Буров еще не добрался до своей ячейки, когда услышал нарастающий танковый рев. Он выглянул из хода сообщения: по полю двигался танк, стреляя с ходу, за ним бежала пехота. Снайперы-пограничники били по смотровой щели, однако танк не останавливался. Кто-то — в дыму не разобрать — высунулся по пояс из окопа, швырнул связку гранат. Она разорвалась, не долетев до танка. Он неудержимо надвигался на траншею. Переехал через нее. И тогда связку вслед машине метнул Кульбицкий. Был он без гимнастерки, нательная рубаха окровавлена.
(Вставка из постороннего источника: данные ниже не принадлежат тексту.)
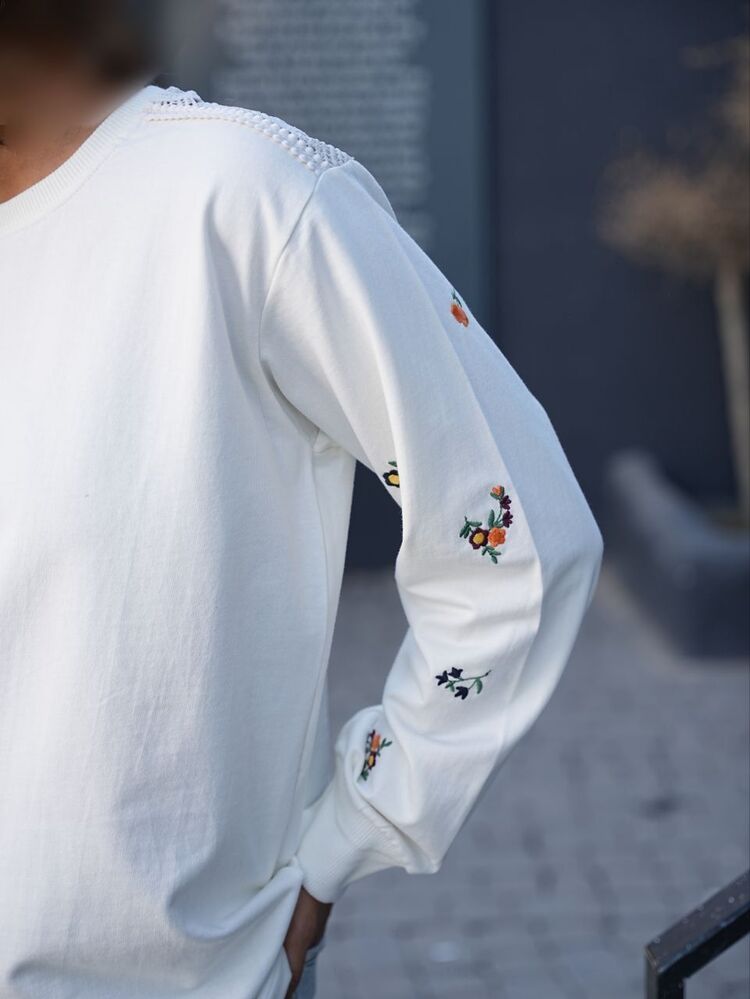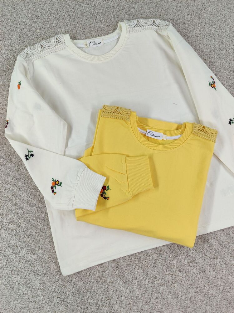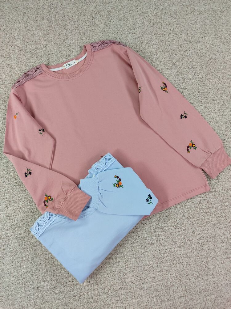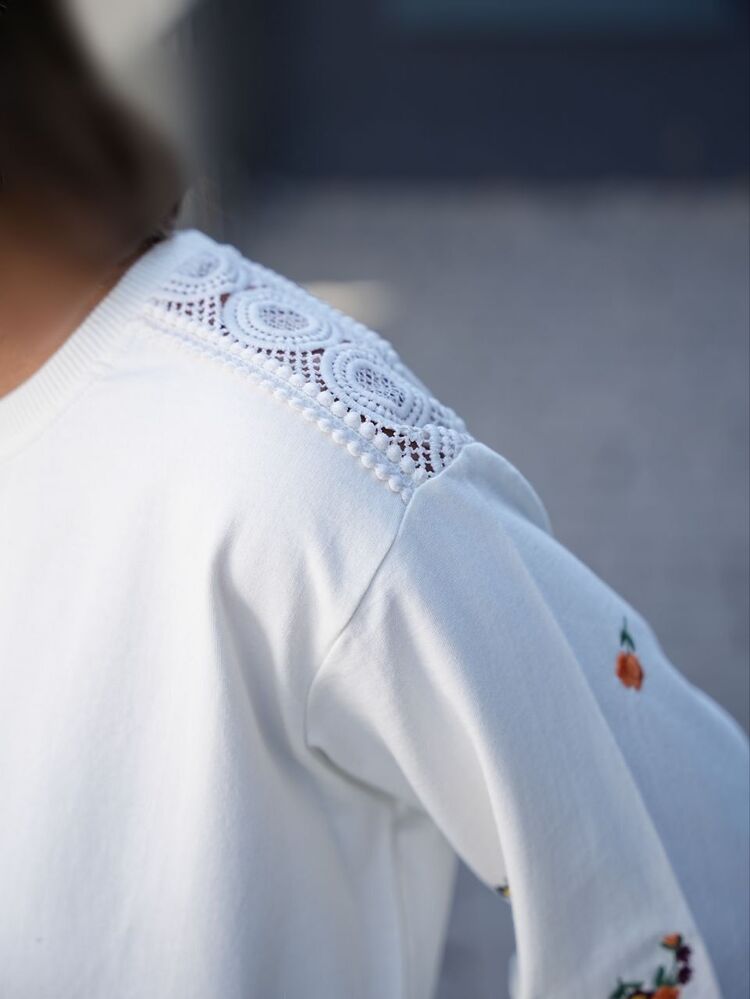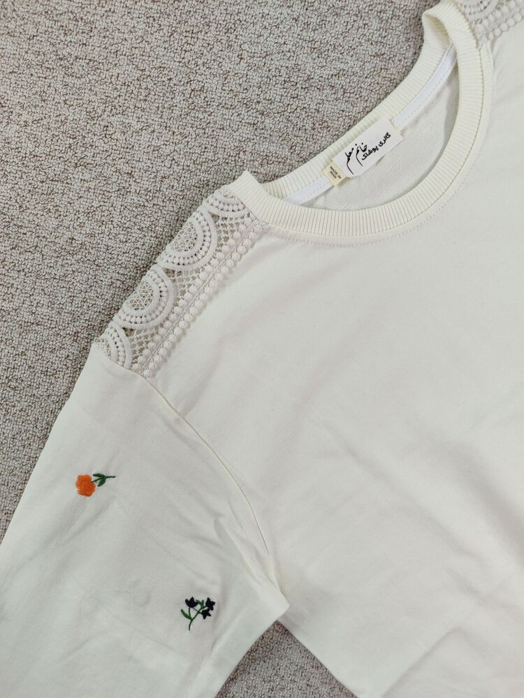 بلوز آستین گلدوزی و سرشانه توری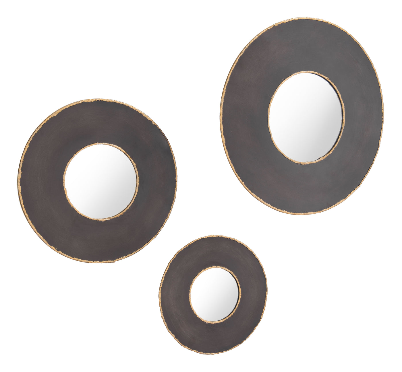 Decorative wall mirrors will attract instant attention from anyone walking into the room. This contemporary piece offers a geometric circle pattern, some filled in with a mirror others filled in glitter. Attached keyhole for hassle free hanging. Crafted from gold iron.Material: IRONColor Finishes: GOLDDimensions: 39'' L x 1.25'' W x 23.75'' HWei...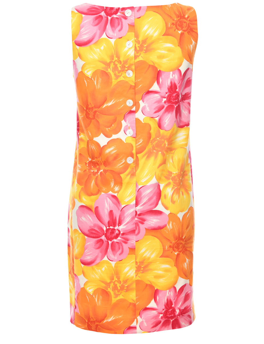 Floral print dress in yellow, pink & orange.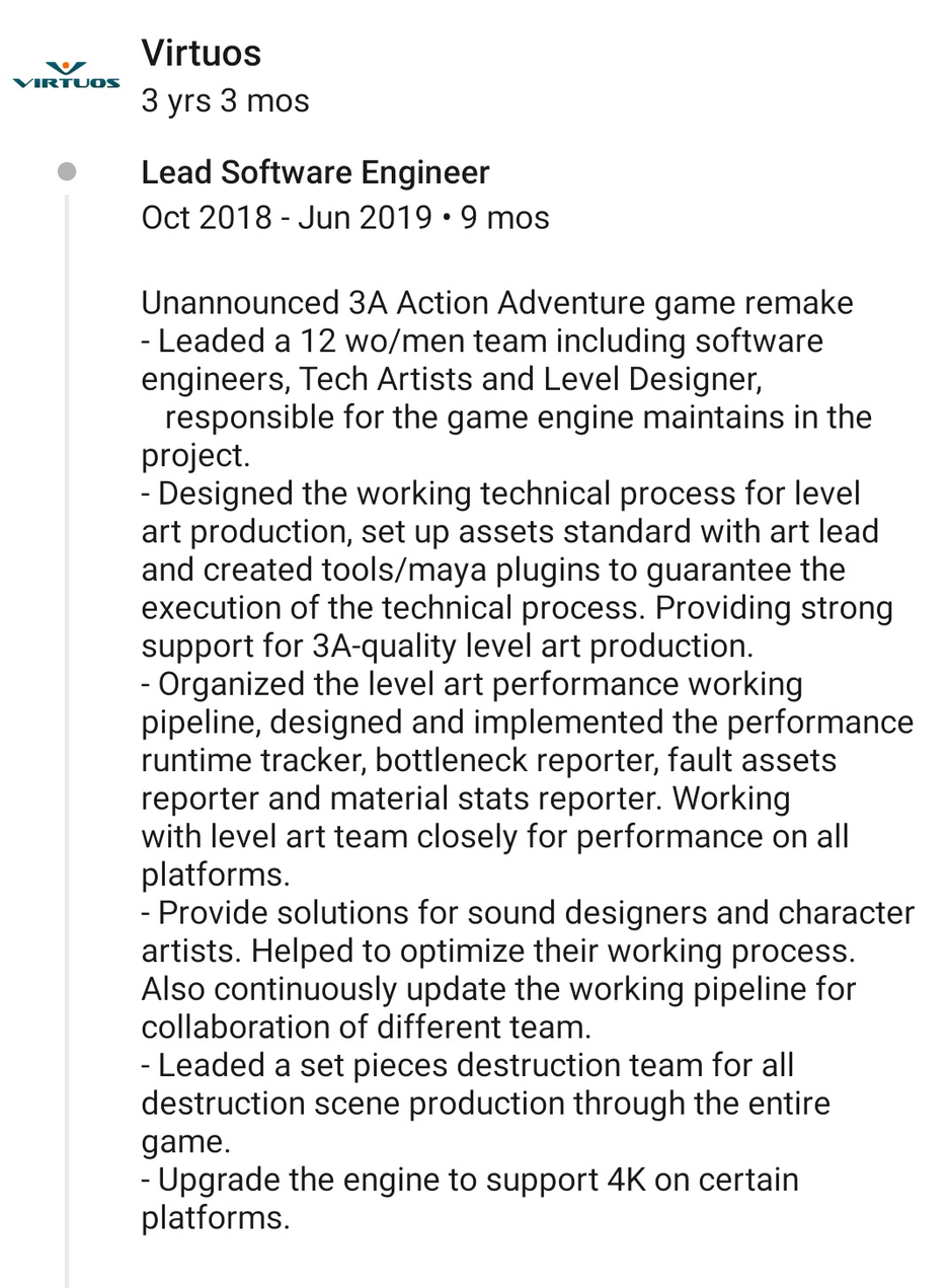 Похоже, что разработку косвенно удалось подтвердить. В LinkedIn-профиле ведущего программиста Virtuous обнаружили упоминание ремейка неназванного приключенческого боевика.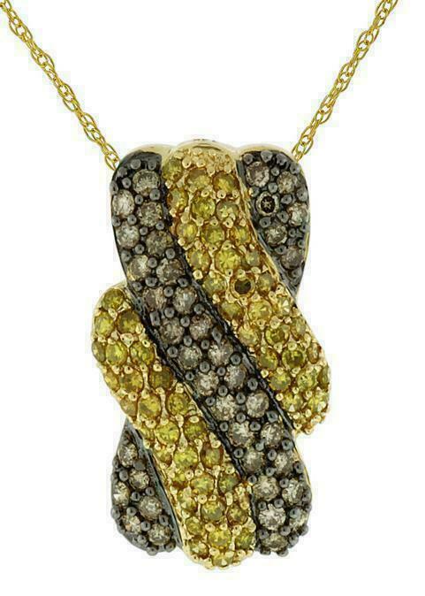 1.0CT MOCHA & FANCY YELLOW DIAMOND 14KT YELLOW GOLD MULTI ROW X LOVE FUN PENDANT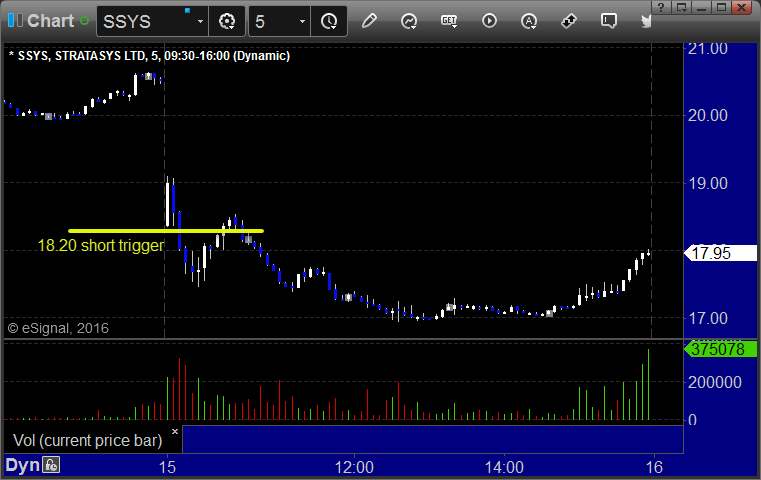 Rich’s SSYS triggered short (with market support) and worked: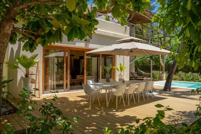 Oubliez tout, et pour commencer vos... chaussures : ce splendide resort pieds nus est situé à Pajé, sur l'une des plus belles bandes de sable de la côte sud-orientale de Zanzibar ! Les toits de palmes traditionnels et les bois blanchis au soleil lui donneraient quasi l'apparence d'un vieux village de pêcheurs, alors qu'une fois au cœur des différentes structures, on entre dans un monde de raffinement inattendu. Les jardins exotiques apportent les touches de couleurs vives. Sur la plage ou encore sous les palmiers, des paillottes de massages sonnent des heures bien douces. Quant au centre de kitesurf, il s'adresse aussi bien aux débutants qu'aux experts de la discipline. Le soir venu, vous trinquerez au coucher du soleil sur le rooftop du bar à champagne, avant d'aller dîner et découvrir la fine fleur de la restauration, notamment en matière d'épices, avec ces divines crevettes tigrées au safran et cet incroyable curry de poisson ultraparfumé ! Si vous venez en amoureux, nous vous recommandons vivement la villa de bord de mer ! Sa grande terrasse, agrémentée d'une piscine privée qui ne gâche rien, relie votre chambre et la salle de bain intérieure et extérieure, au salon et à la salle à manger. Sur le toit, une terrasse panoramique vous promet des instants magiques... Le tout dans un resort qui coche de nombreuses cases écolo, entre recyclage et panneaux solaires.
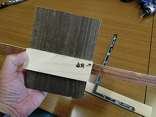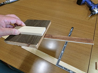 基準面は丸ノコで90°に切断してあげるために、ガイドを作る。いわゆるマイタゲージ。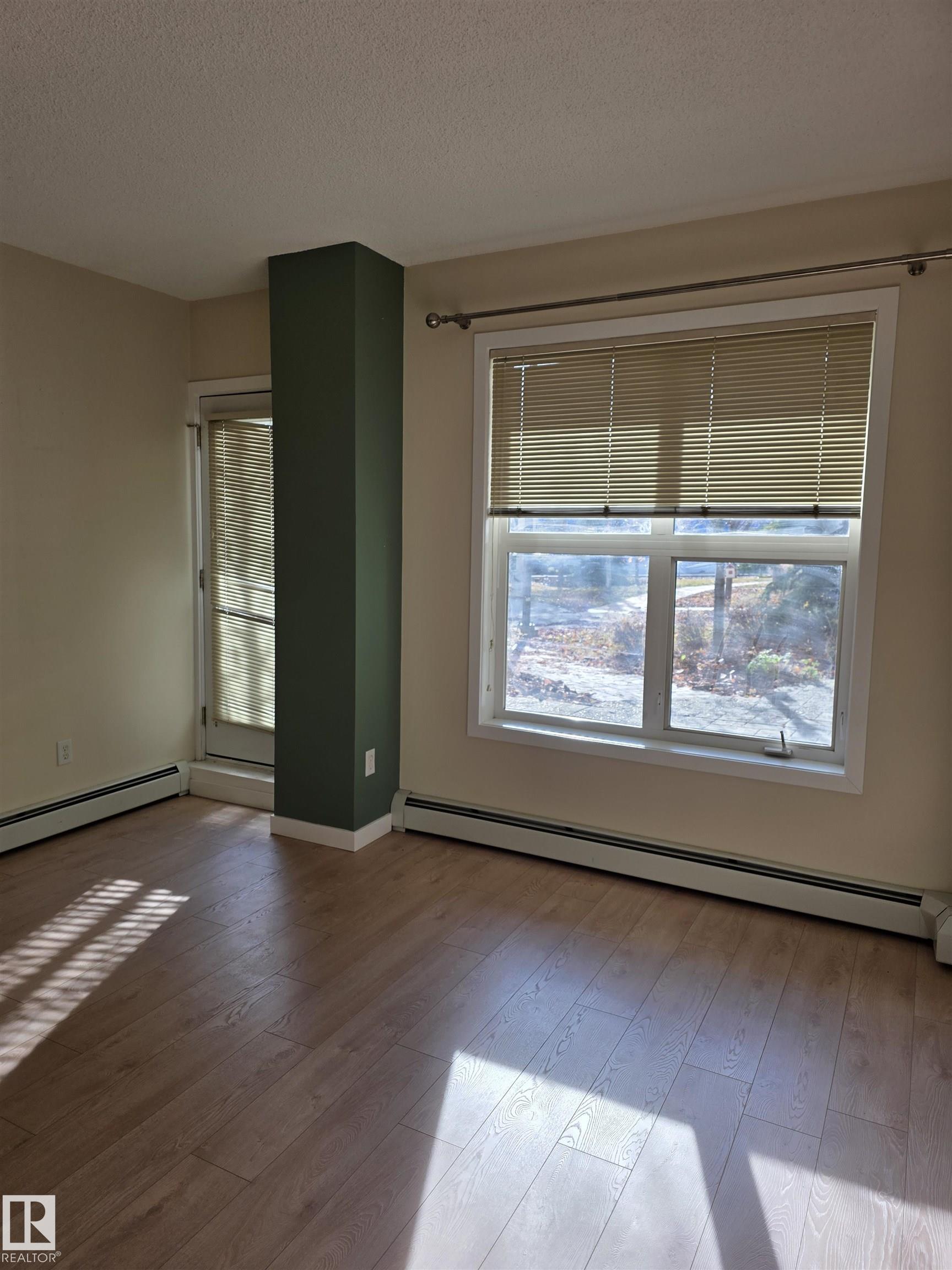 Beautifully upgraded 1-bedroom, 1-bathroom ground-floor suite featuring a private courtyard and exterior entrance. Available for immediate possession.  This bright, south-facing unit offers 9 ft ceilings, large vinyl windows, and luxury vinyl plank flooring throughout. Recent updates include fresh paint, new baseboards, and updated casings. The kitchen is equipped with nearly new stainless steel appliances, new light fixtures, and a modern backsplash.  The bathroom features updated fixtures and a convenient pocket door entry from the bedroom. In-suite laundry is included for added convenience.  An underground heated parking stall is assigned to this unit. Enjoy outdoor living with a private garden patio equipped with a gas line for BBQs.  Condo fees are very affordable and include all utilities ? even electricity. Located within walking distance to shopping centres, restaurants, and the Clareview LRT station.  This property offers an ideal combination of privacy, comfort, and convenience.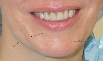 Foto 47-48: Nadzvednutí a zúžení oblasti kolem brady, vytvoření mladistvější linie okraje dolní čelisti.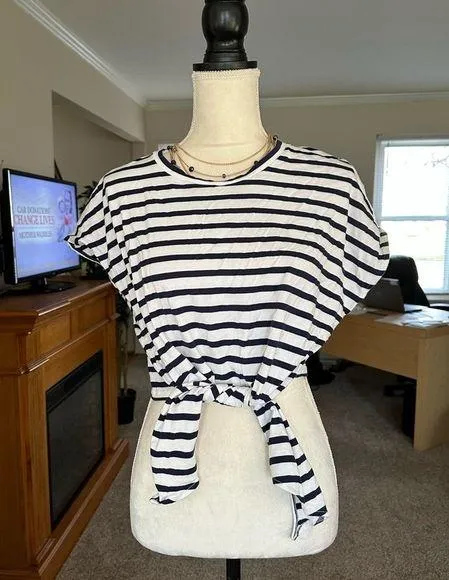 ZARA Black And White Striped Tie Front Crop Shirt Size Large Sleeveless Light weight Lounge wear Ca... Show more

Танк вздрогнул, завертелся, из него повалили пламя и дым, заслоняя черно-белый крест на борту. Набежавшие немецкие автоматчики бросали гранаты и спрыгивали в окопы, в траншею. Буров стрелял по немцам, когда они были перед бруствером, а когда растеклись по траншее и ходу сообщения, на какое-то мгновение остолбенел, растерялся.
Он скользнул в траншею и, увидав за изгибом серо-зеленый френч, выстрелил. Немец упал. И тогда Буров снова обрел себя.
У карпухинского окопа он услыхал крики и ругань, побежал туда. Карпухин и рыжий волосатый немец, сцепившись, катались по дну траншеи. Выждав, Буров стукнул немца по голове затыльником автомата. Карпухин встал, свирепо ругаясь.
— Следуй за мной, — сказал Буров.
— Зараза… Бугай… Сволочь… Мать его…
— Кончай. Я впереди, страхуй меня… Артиллерия, чтобы не угодить в своих, перенесла огонь, садила по зданию заставы, по двору. А над всей линией обороны — крики и стоны, стрельба, глухие удары.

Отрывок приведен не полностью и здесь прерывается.